Deep single-cell phenotyping to identify governing principles and mechanisms of the subcellular organization of bacterial replication

Modern metagenomics has opened our eyes to the immense bacterial diversity that exists both among and within us. Despite this diversity, all bacteria share the basic challenge of organizing the various processes that ensure their faithful replication. All bacterial cells need to metabolize nutrients, generate building blocks, maintain their shape and size, replicate and segregate their chromosomes, synthesize cell walls and membranes, and divide to give rise to daughter cells. At present, we do not understand how bacteria integrate all these processes in their small cellular compartments. What makes this question even more intriguing is that bacteria represent simple forms of proliferating cells, without additional layers of internal organization (e.g., membrane-enclosed organelles) or cell cycle regulation (e.g., cyclins and cyclin-dependent kinases) seen in eukaryotic cells. Our goal is to address this gap by uncovering the internal architecture of bacterial replication and identifying the molecular mechanisms that underlie it. For this, we rely on a high-throughput single-cell phenomics approach that provides high-content, quantitative cell biological information. By applying this approach across different levels of bacterial diversity (both within and across species, beyond the small number of currently existing model species), we aim to identify general and species-specific principles for the subcellular organization of replication in bacteria. This analysis will also enable the identification of key factors involved in establishing these governing principles, which will be functionally characterized further to provide a unique overview of the molecular mechanisms that determine the spatial organization of bacterial replication. In doing so, we hope to transform our understanding of bacterial cell biology by expanding it beyond current textbook standards and provide us with the blueprints and design principles of bacterial cells.

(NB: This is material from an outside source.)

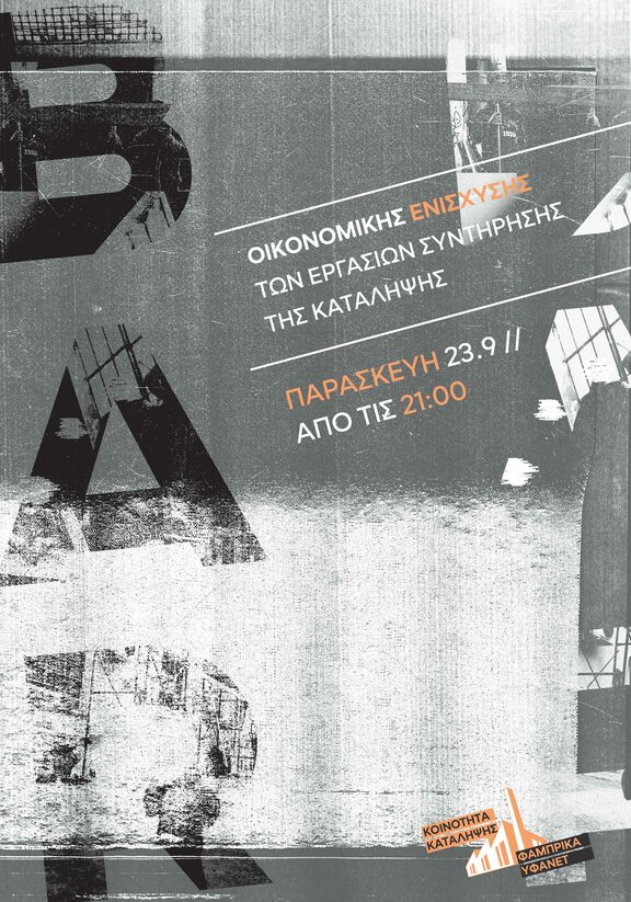 Bar οικονομικής ενίσχυσης των εργασιών συντήρησης της κατάληψης Φάμπρικα Υφανέτ
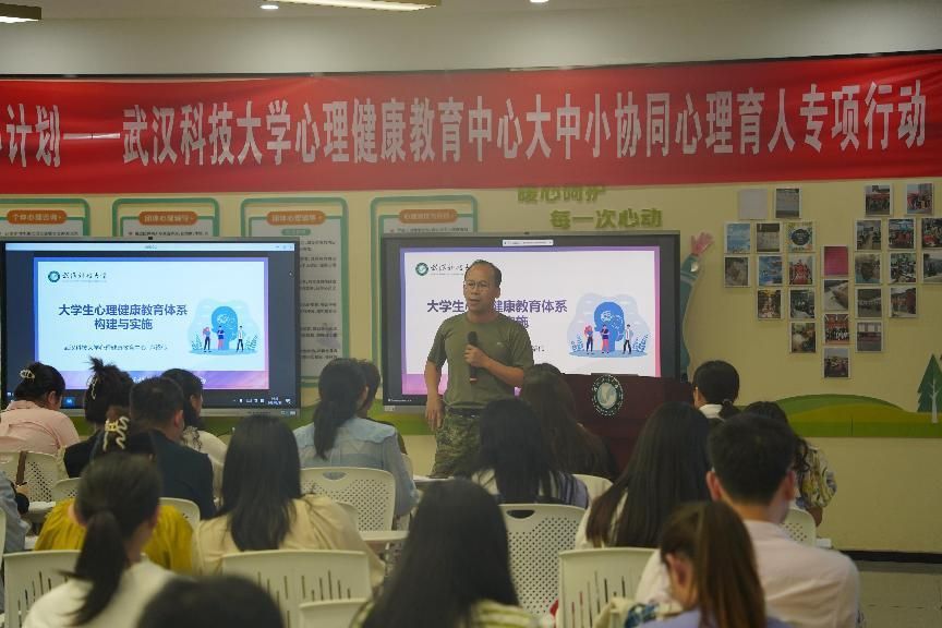 武科大网讯(通讯员胡文燕 摄影范锦涛 陈立威 陈婷)为着力推进大中小学协同心理育人,加强中小学教师心理健康素养,提升心理育人工作实效,2023年9月26日,304am永利集团官网心理健康教育中心应随州市中小学教师(校长)继续教育中心邀请,为60名随州市中小学心理健康教育教师开展为期一天的“省培计划(2023)”兴师培训。本次培训由心理健康教育中心主任卢绍伟老师、心理健康教育中心专职教师薛春艳教授、心理健康教育中心专职教师崔佳老师、心理健康教育中心专职教师贾健宇老师为中小学教师主讲。

Mutational robustness and evolvability in model microbes

Organisms need to balance the need for mutations to evolve with mitigating these mutations’ potential negative effects. One hypothesis is that some cellular mechanisms help minimize the phenotypic consequences of mutations and hence confer mutational robustness. However, whereas the concept of mutational robustness is central to our understanding of evolution and genetics, our knowledge about it remains surprisingly limited. This is because studying robustness is extremely challenging: it requires interrogating the role of a large number of genes on the effect of a large number of (de novo or standing) mutations on several traits and in several environments. We aim to combine the power of two model organisms, E. coli and S. cerevisiae, with an evolutionary modelling framework to identify genes and mechanisms associated with reducing mutational effects, assess the type of mutations that can be mitigated and model and test if and how mutational robustness influences evolvability.